Each panel contains queries grouped by the dataset's partition attributes (export ID/path, protocol, username, etc.) and separate queries for overflow workload types (Additional, Excluded, Overaccounted, System, Unknown) gated by the overflow toggle variable.

Backend Differences

InfluxDB dashboards use InfluxQL queries with SELECT ... FROM ... GROUP BY syntax. Overflow queries use the [[overflow]] Grafana text substitution trick.

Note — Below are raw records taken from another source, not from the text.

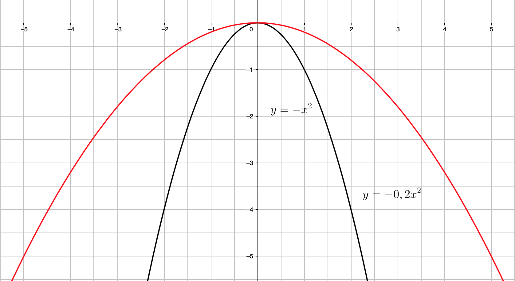 Сравним, как изменилась координата \(\displaystyle y \) для парабол \(\displaystyle y=\color{blue}{-x^2} \) и \(\displaystyle y=\color{red}{-0{,}2x^2}{\small :} \)
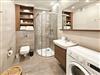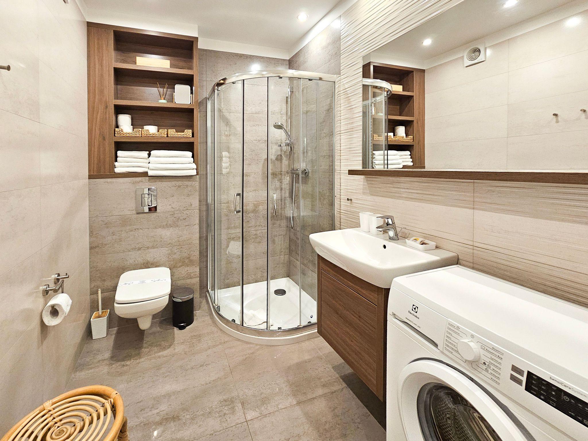 Im Badezimmer befindet sich eine Dusche, ein Waschbecken, eine Toilette und Waschmaschine.
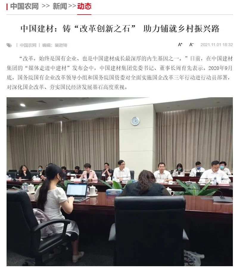 来源:国企杂志、中国建材杂志、中国农网、中国建材报、证券日报 发布时间:2021-11-08国资委宣传局组织媒体走进中建材
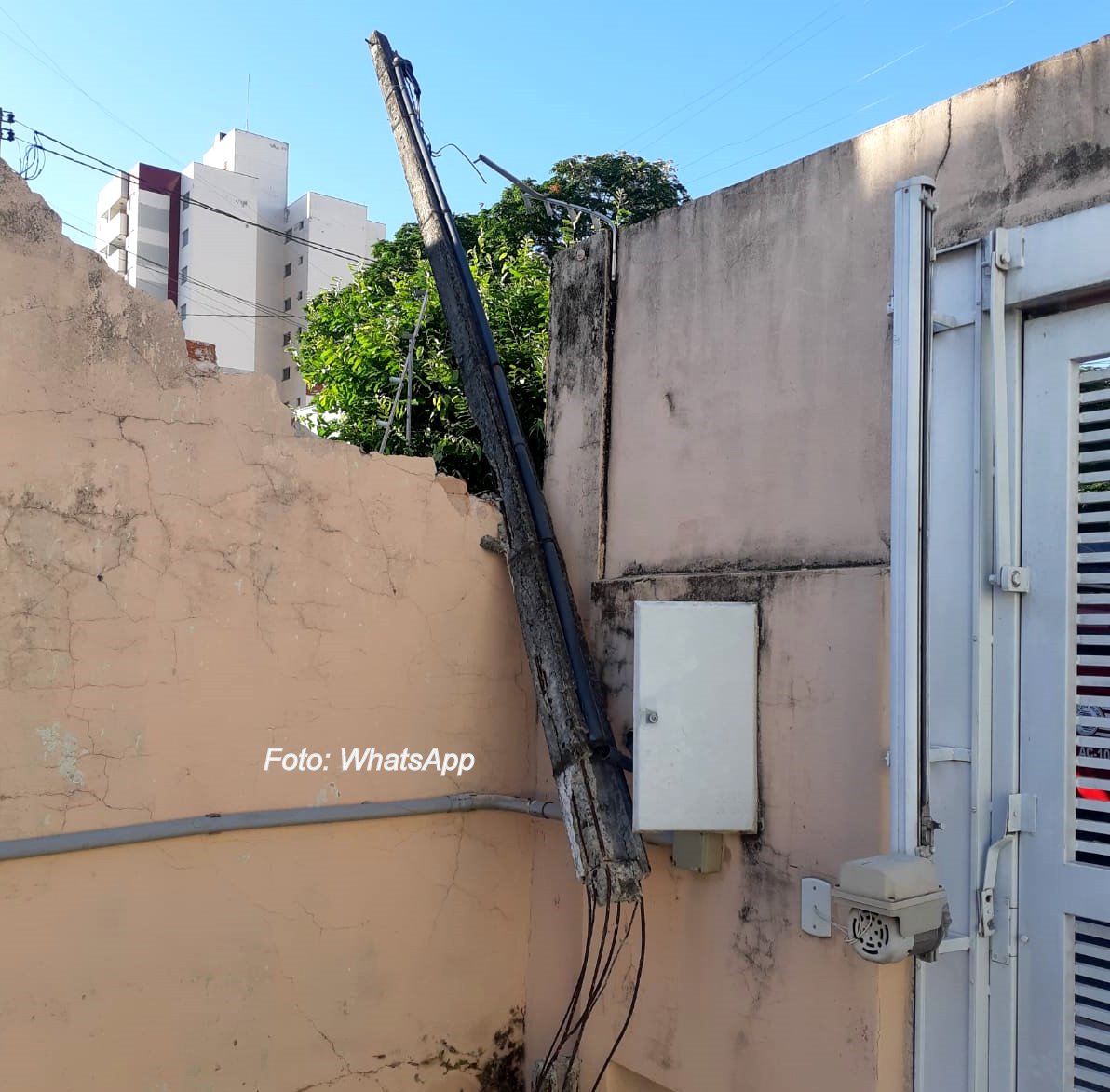 Com o impacto, o fio arrancou o poste de energia de uma casa que, com a força do impacto, acabou destruindo parte do muro do imóvel.
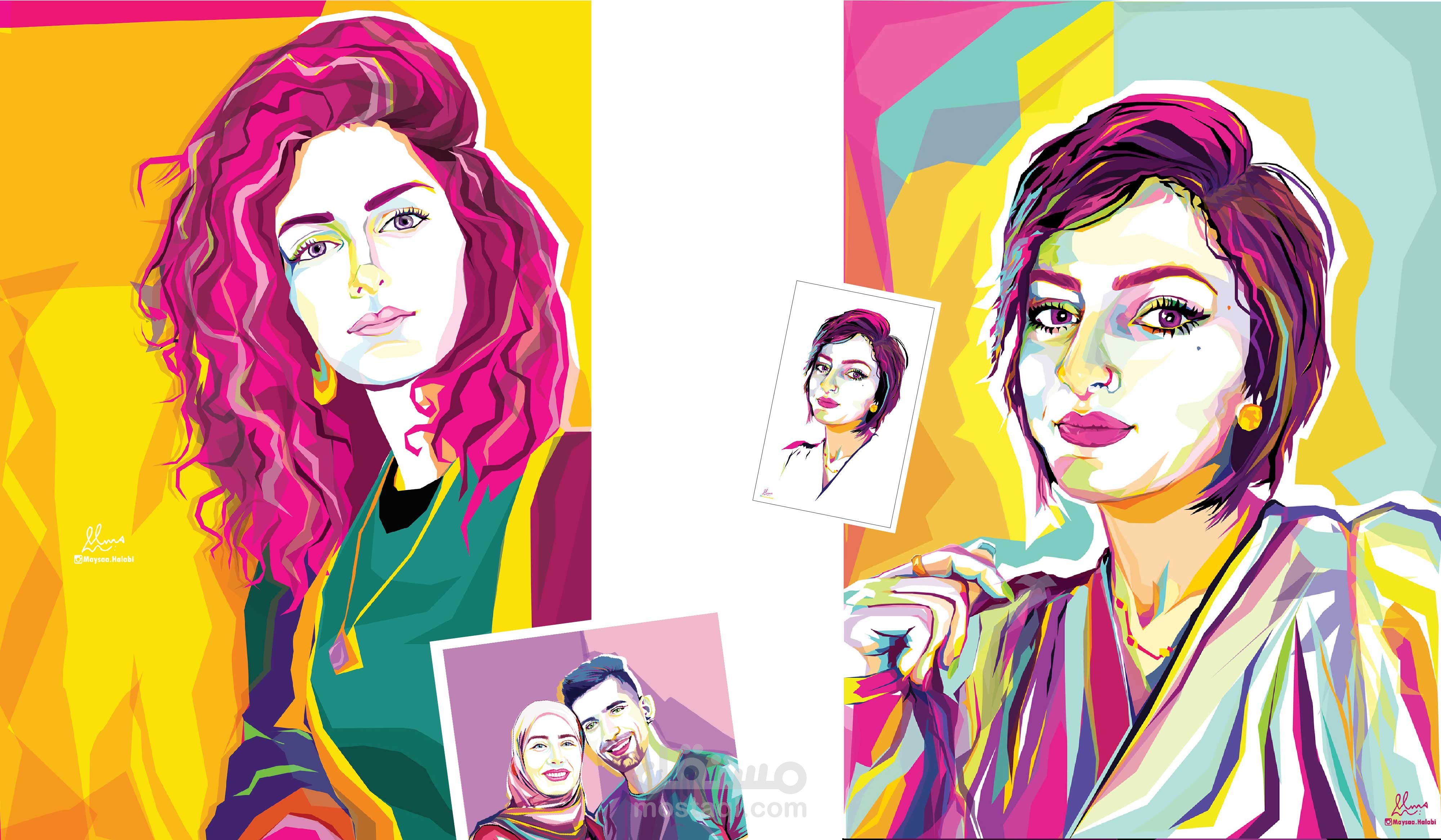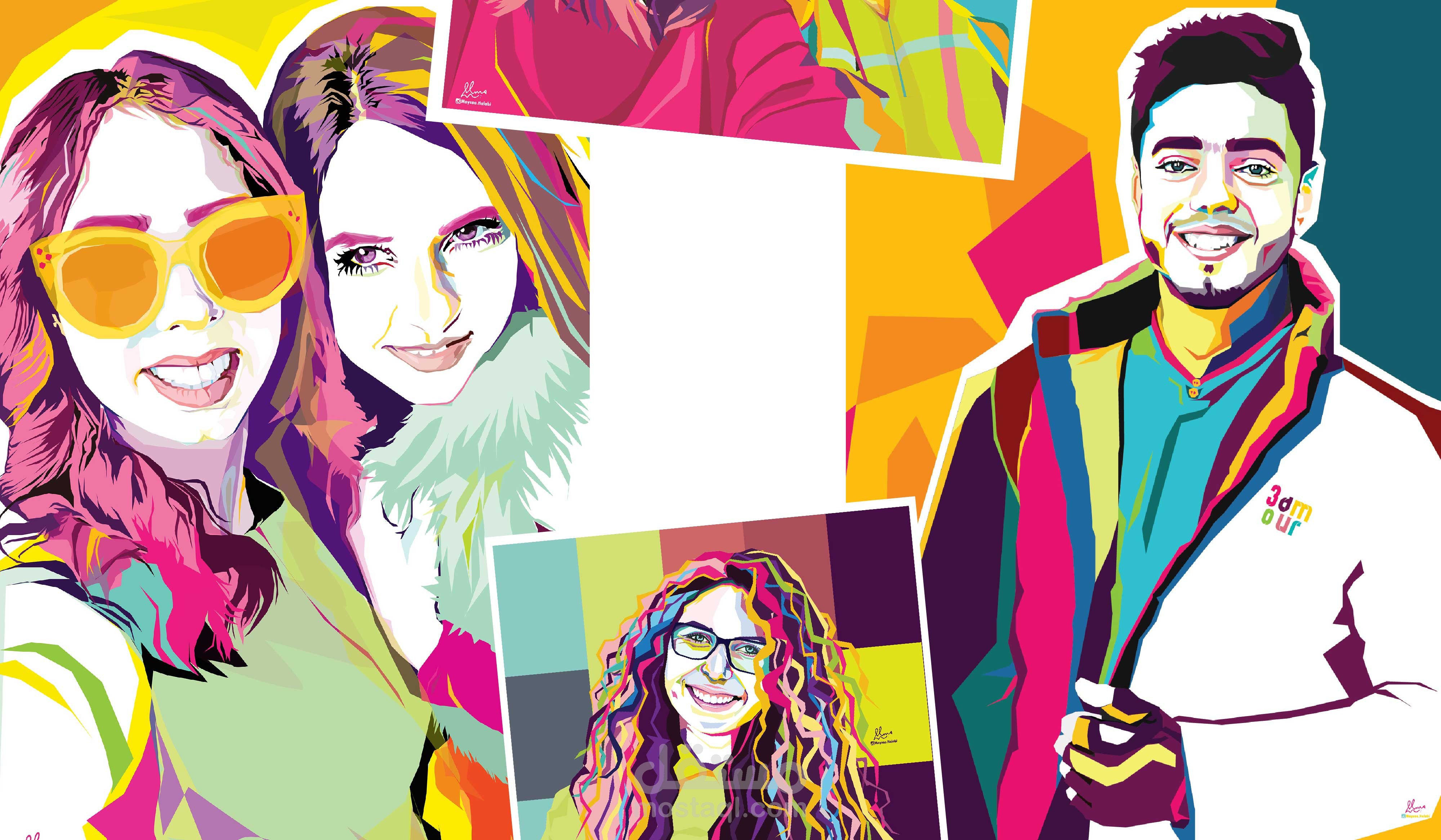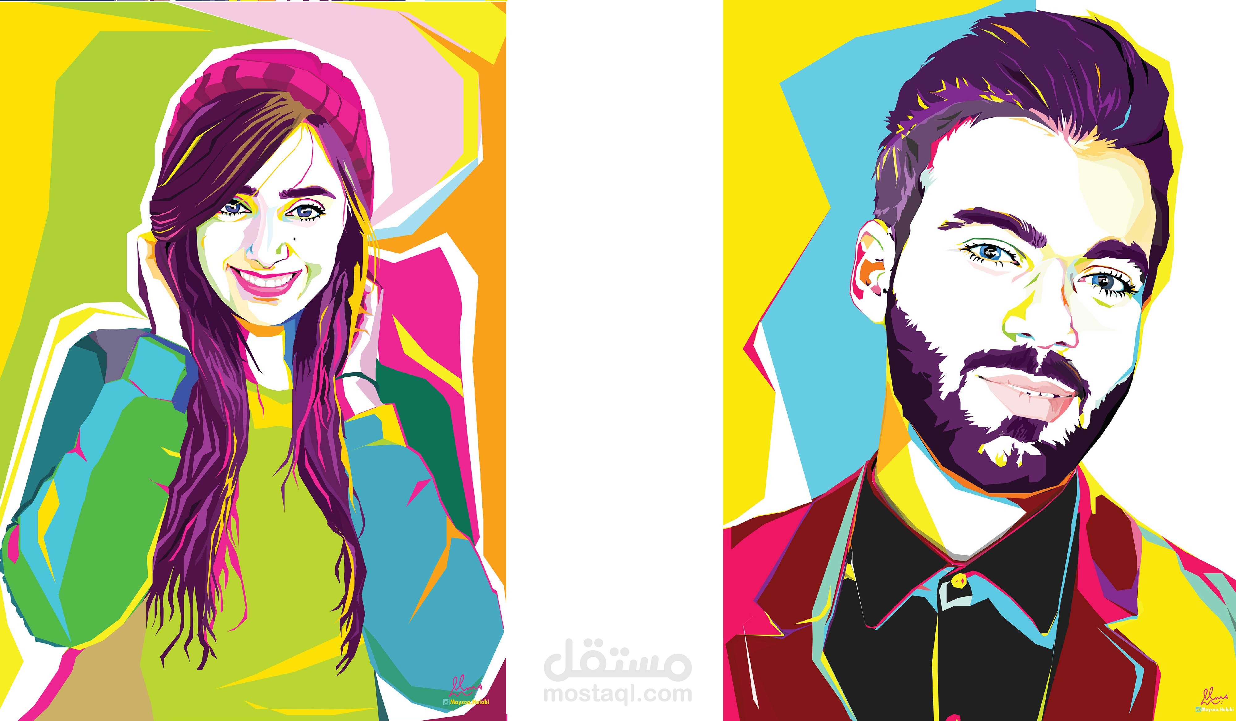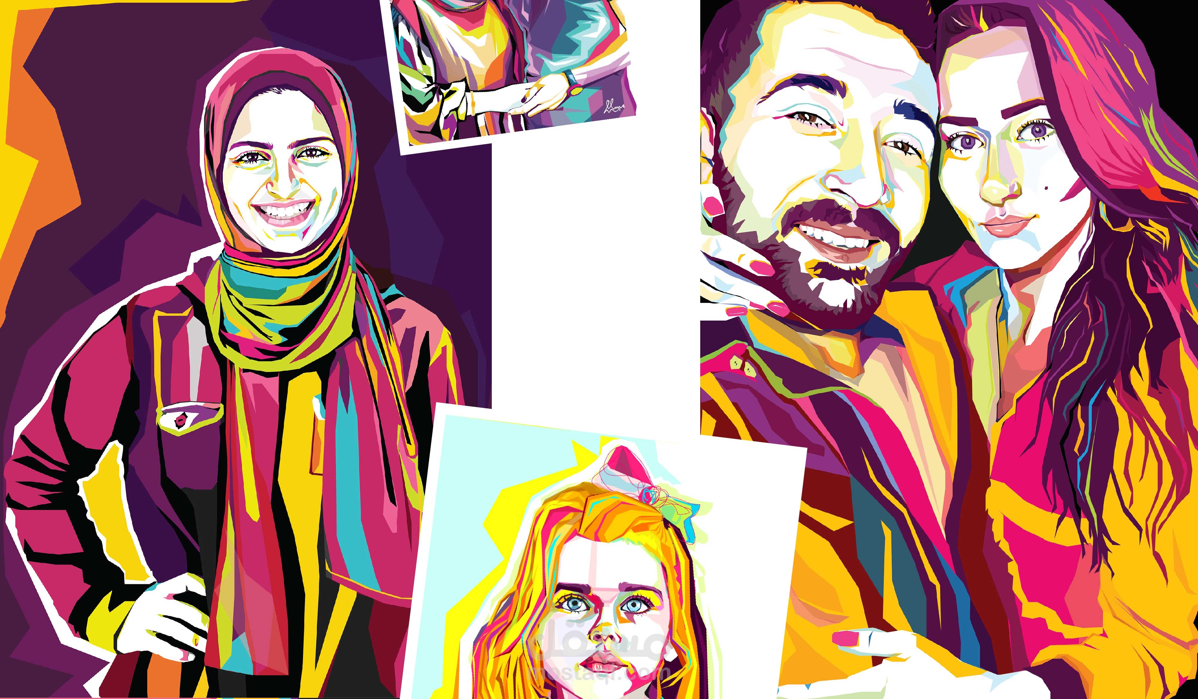 لوحات بورتريه متعددة الألوان مرسومة بأسلوب يشبه البوب آرت ذات طابع خاص
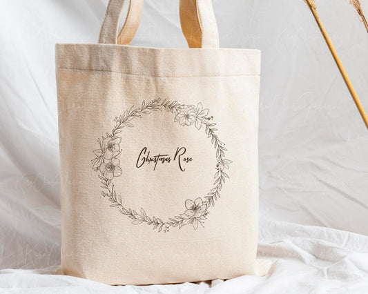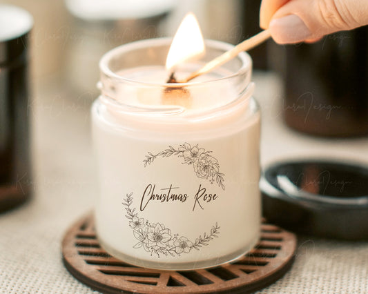 Christmas Rose Flower (Hellebores) Wreath Clipart Black & White
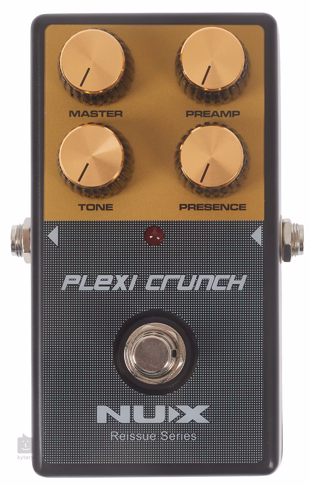 Plexi Crunch to efekt zniekształcający z serii NUX Reissue, inspirowany słynnymi brytyjskimi wzmacniaczami hi-gain, których brzmienie zdefiniowało złote lata rocka i rodzącego się heavy metalu. Jest to analogowy efekt z trzema poziomami wzmocnienia i tranzystorem FET symulującym zniekształcenia lampowe, którego nie powinni przegapić miłośnicy soczystego brzmienia rocka, hard rocka i heavy metalu z charakterystycznym brytyjskim nadrukiem. Pudełko jest podłączone w trybie true-bypass. Zasilanie zapewnia zasilacz 9V lub bateria 9V.
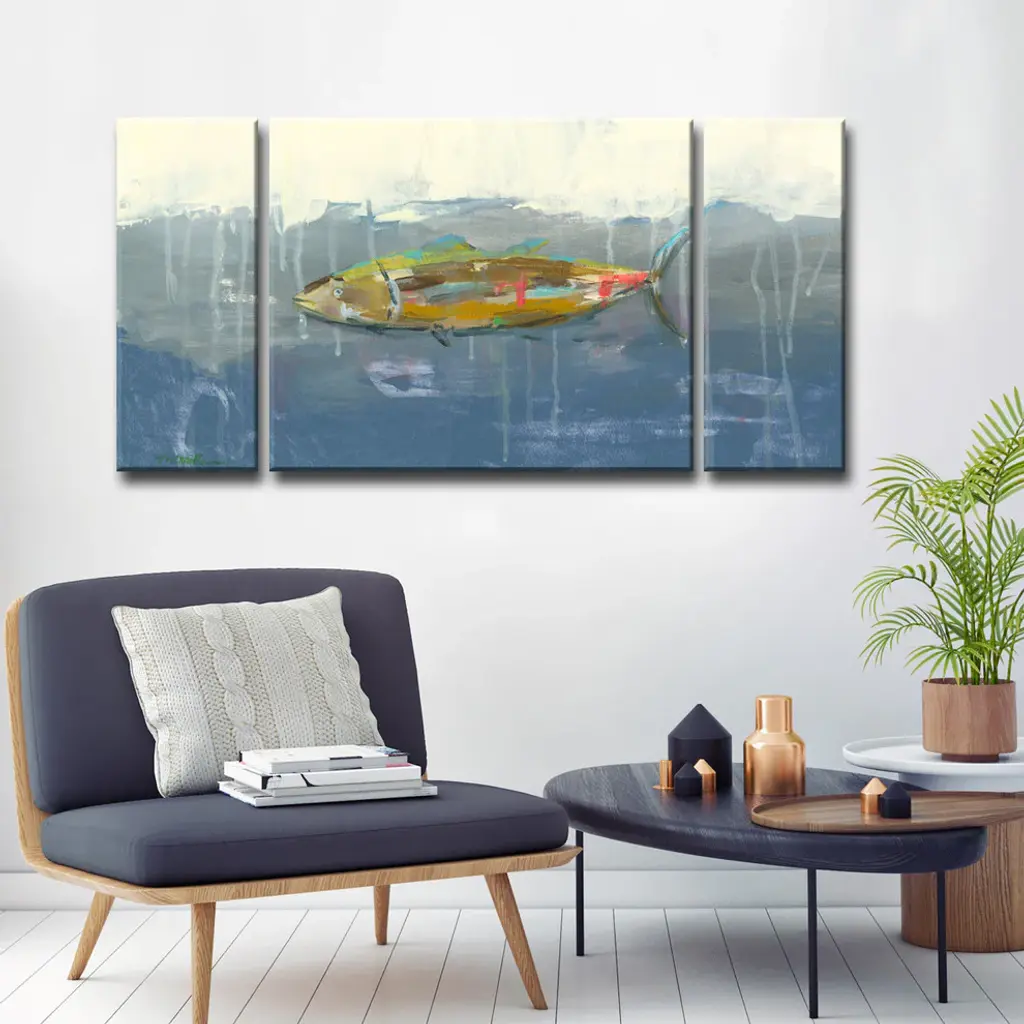 Effortlessly add beauty and grace to your space with the subtle hues from Dana McMillan''s canvas art. The essence of her abstract art, is the capturing of serenity in nature and Ready2HangArt makes decorating with wall decor simple and affordable.Brand: Ready2HangArtTitle: Tuna in Water Artist: Dana McMillanModel No: DM065Size:3-Piece Set: 30 in. H x 60 in. W - 30 inches high x 36 inches wide (1 panel),30 inches high x 12 inches wide (2 panels)Ready2HangArt is an American small business, dedicated to enhancing Home Decor with innovative designs, and locally made products at a competitive value. Proudly Made in America.

Prometheus dashboards use PromQL expressions with sum by (...) syntax. Metric names follow the goppstats Prometheus naming convention: isilon_ppstat_<sorted_attributes>_<field> (e.g., isilon_ppstat_export_id_protocol_username_cpu). Overflow buckets are separate metrics with the workload type embedded in the name (e.g., isilon_ppstat_export_id_protocol_username_Additional_cpu). Overflow queries are gated using and on() (vector($overflow) == 1) which returns no data when the overflow variable is disabled.

Example

# Generate an InfluxDB dashboard for dataset 1 (default backend)
./bin/dashgen \
  -host mycluster.example.com \
  -user statsuser \
  -password mypass \
  -dataset 1 \
  -out pp-dataset-1-influxdb.json

# Generate a Prometheus dashboard for dataset 1
./bin/dashgen \
  -host mycluster.example.com \
  -user statsuser \
  -password mypass \
  -dataset 1 \
  -backend prometheus \
  -out pp-dataset-1-prometheus.json

# If using export path lookup (goppstats has lookup_export_ids=true)
./bin/dashgen \
  -host mycluster.example.com \
  -user statsuser \
  -password mypass \
  -dataset 1 \
  -export-path \
  -out pp-dataset-1.json

Import the generated file into Grafana as described above. The dashboard uses the __inputs binding mechanism — Grafana will prompt you to select the appropriate datasource (InfluxDB or Prometheus) on import.